A new study published in the Proceedings of the National Academy of Sciences reveals that the “depth and breadth of your social connections will impact your health just as much as diet and exercise.” That’s a pretty bold statement! And it’s a clear indicator that combating social isolation is crucial for the health of older adults.
An article in the Washington Post covers the highlights of this study, which was conducted by the University of North Carolina at Chapel Hill. These include that older adults are more at risk for developing hypertension from social isolation than from diabetes. Social challenges even increase the risk for obesity.
Yang Claire Yang, the study’s first author, shares that, even though a wealth of research indicates that loneliness in later years affects someone’s longevity—and that a rich social life contributes to better health—they haven’t yet determined how “social connections get under the skin.”
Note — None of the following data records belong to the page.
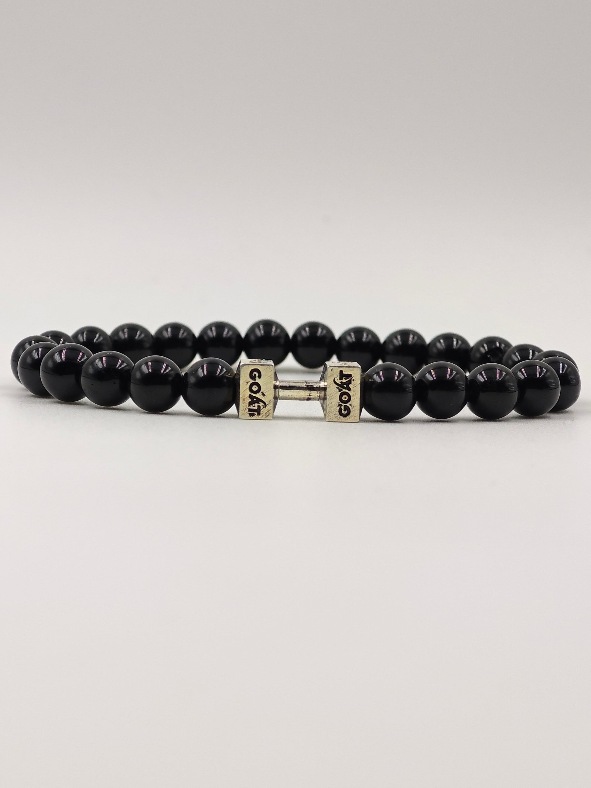 BLACK OBSIDINA BEADED BAND WITH SILVER G.O.A.T SIGNATURE DUMBLE CLASP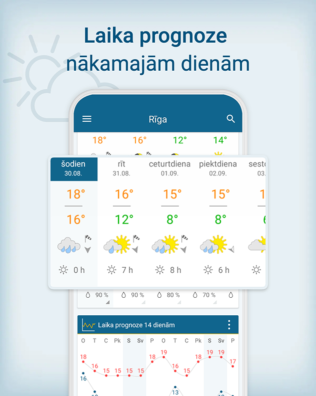 Mūsu precīzā laika prognoze sniedz detalizētu informāciju par sauli, vēju un lietu - Jūsu atrašanās vietai vai jebkur pasaulē.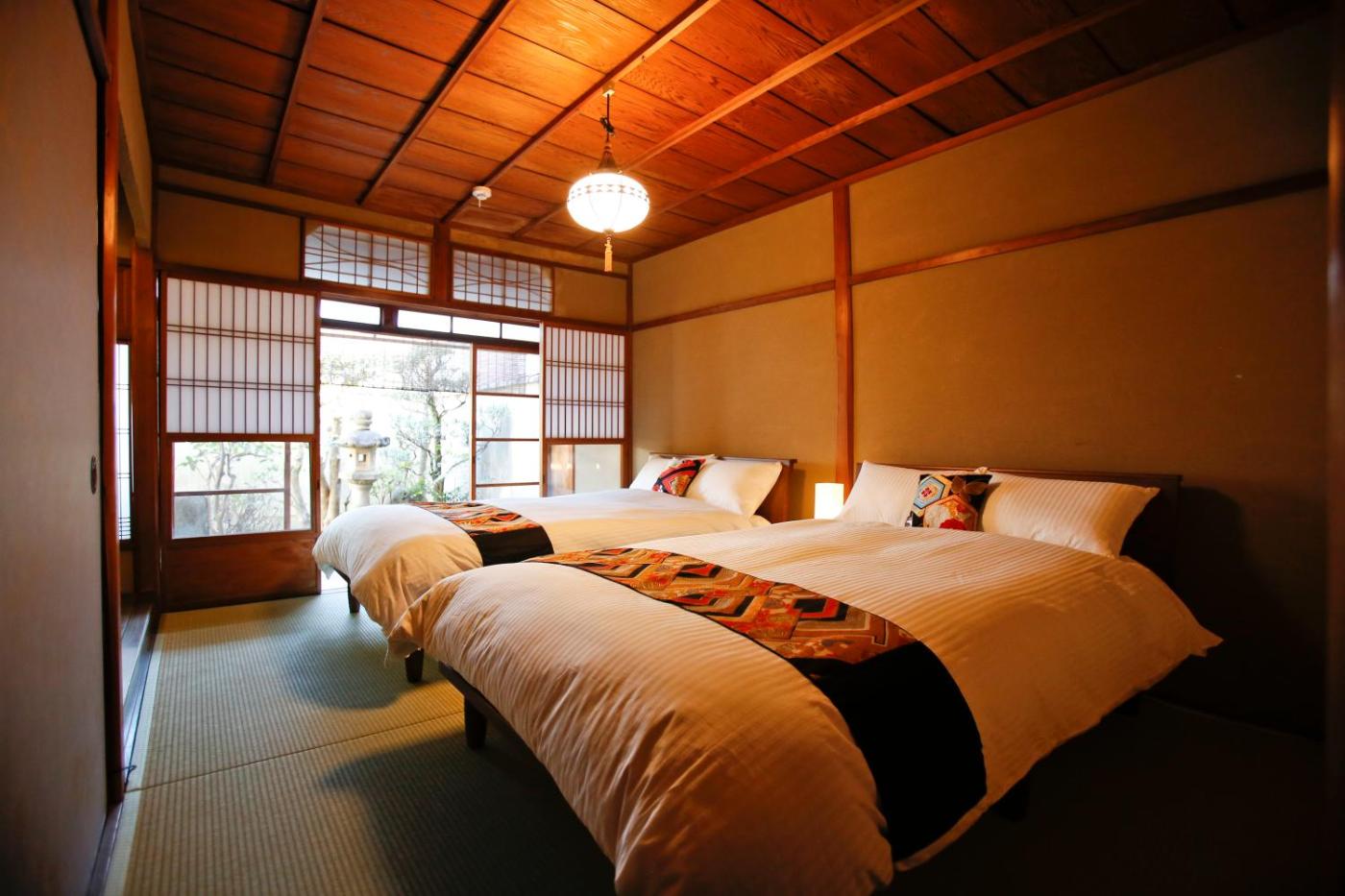 Villa. This villas standout feature is the hot tub. Boasting a private entrance, this air-conditioned villa features 1 living room, 4 separate bedrooms and 1 bathroom with a bath and a shower. In the fully equipped kitchen, guests will find a stovetop, a refrigerator, kitchenware and an oven. The villa has tatami floors, a seating area with a flat-screen TV, a washing machine, an electric kettle, as well as heating. The unit has 3 beds and 4 futons.
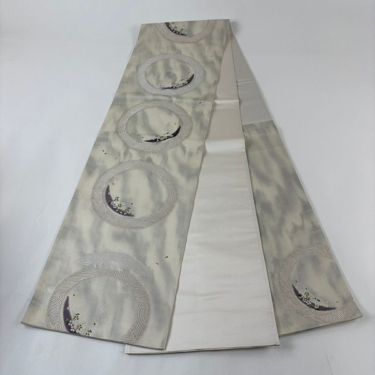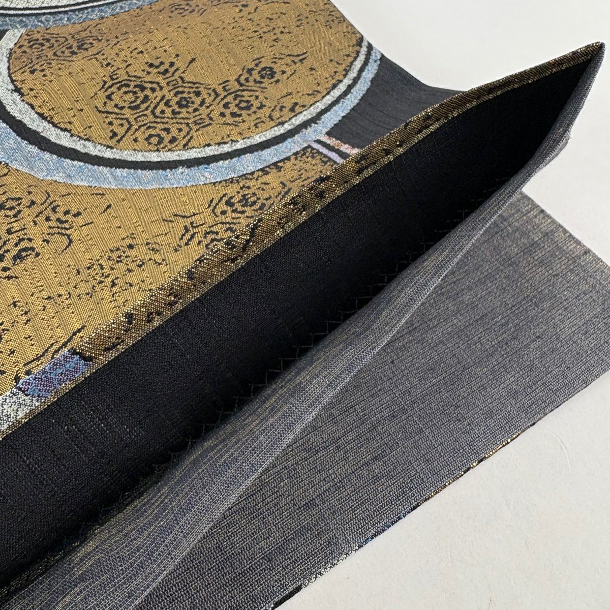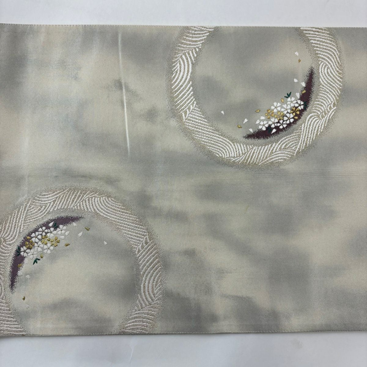 【美品】 袋帯 秀品 萩 丸文 金銀糸 箔 灰色 六通 正絹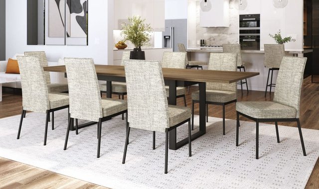 The Dorian dining chair reveals a beautiful simplicity, harmonizing with a wide variety of dining tables. Its refined backrest detail enhances its clean, straight lines. The thick seat offers exceptional comfort, while the backrest perfectly supports posture. Combining style and everyday comfort, this chair is the ideal choice for a contemporary dining space. Made from high-grade North American steel Painted with an environmentally friendly, lead-free baked-on powder coating for a scratch-resistant finish Fully welded, sturdy metal structure for enhanced durability Weight capacity: tested up to 300 lb Made in Canada 10-year limited residential warranty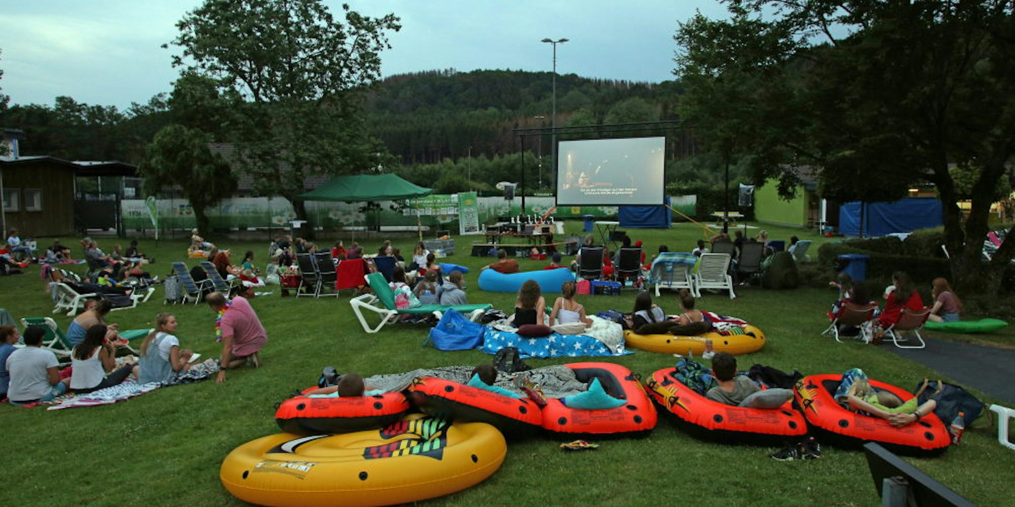 Mit einigen Sicherheitsmaßnahmen konnte das Schlauchbootkino als erstes größeres Event nach den Corona-Einschränkungen in Bielstein stattfinden: nicht auf dem Wasser, sondern auf der Liegewiese, mit sicherem Abstand zwischen den registrierten Besuchern.
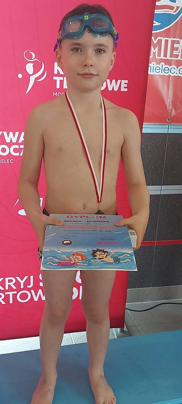 Szymon Kokoszka kl. 2 b – III miejsce na dystansie 25 m stylem dowolnym,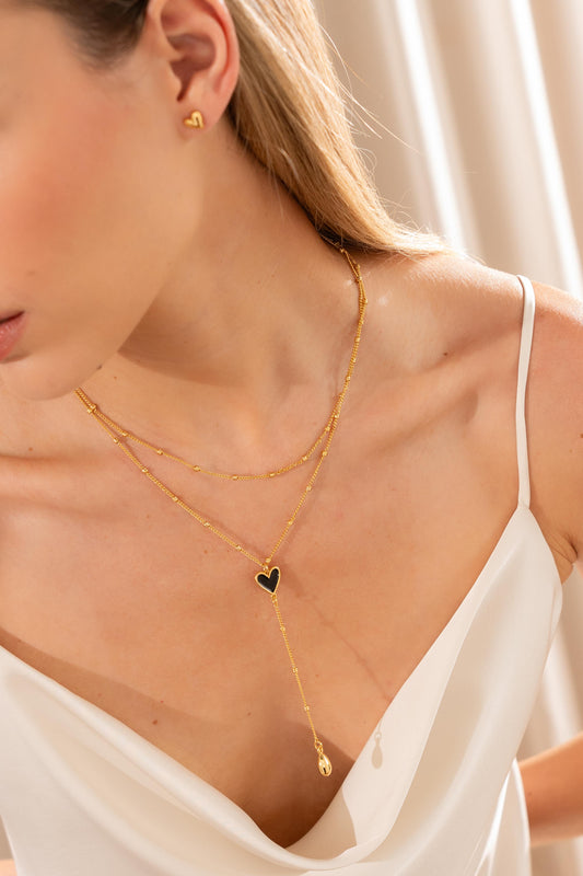 Set X2 Collares Corazón Negro Gota + Aretes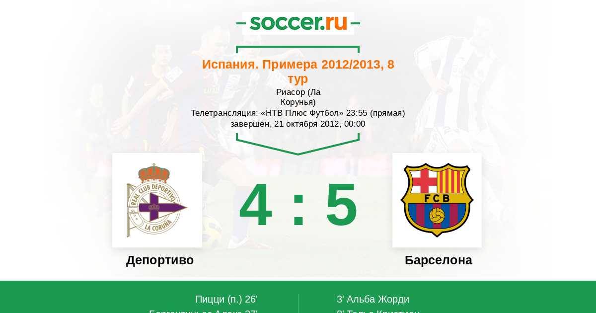 8' (0:2) Тельо Кристиан (37) (Месси Лионель (10))

Researchers had a significant amount of data to analyze, collected from four “massive longitudinal surveys.” Collectively, these studies followed more than 14,000 people during several life stages; throughout, they learned about the participants’ social life and physical health.
Factors used to measure social life included:
- Number of friends
- Marital status
- Religious affiliation
- Community involvement
To determine the quality of social relationships, people were asked about their friends and relatives. Were they critical? Supportive? Loving? Argumentative? Annoying? Health factors considered were blood pressure, body mass index, waist circumference and a protein that measures inflammation.
For adolescents and older adults, having a big social network was important. In between—during the mid-30s to 50s—relationship quality was the crucial point. The conclusion? During the midpoint of life, people often have children and older parents. So life naturally gets them involved in multiple social spheres. For older adults, this may require more of a conscious effort.
To quote Yang, “Try to have a good social life and connections with other people. Cultivate broad and somewhat deep, functional [relationships].”
How to Beat Social Isolation
If your community has a senior center, find out what activities they offer. According to the National Council of Aging, as we previously wrote about, “Senior centers are one of the most widely used services for older adults with 11,400 senior centers serving more than 1 million adults every day. These centers connect older adults to community services that help them to stay healthy and independent.”
What about your local church, synagogue or mosque? Affiliation with a spiritual community is associated with better health, according to researchers who studied older adults (aged 55 to 80). The reasons for this are complex, but one factor mentioned is “increased social support through group membership and congregation.”
Join a gym that, besides offering physical exercise, provides social opportunities. YMCAs are especially known for this, but social interaction can be found in other facilities, as well.
Volunteer! As we have blogged in the past, volunteering can help to provide social interaction. “Many volunteer activities are organized around groups or teams, so participating in one is a natural way to fulfill a need for social interaction.”
As a final suggestion, find a part-time job in an area that interests you. This helps to keep you engaged; people who work into later decades (60s, 70s and 80s—even 90s) often outlive those who fully retire.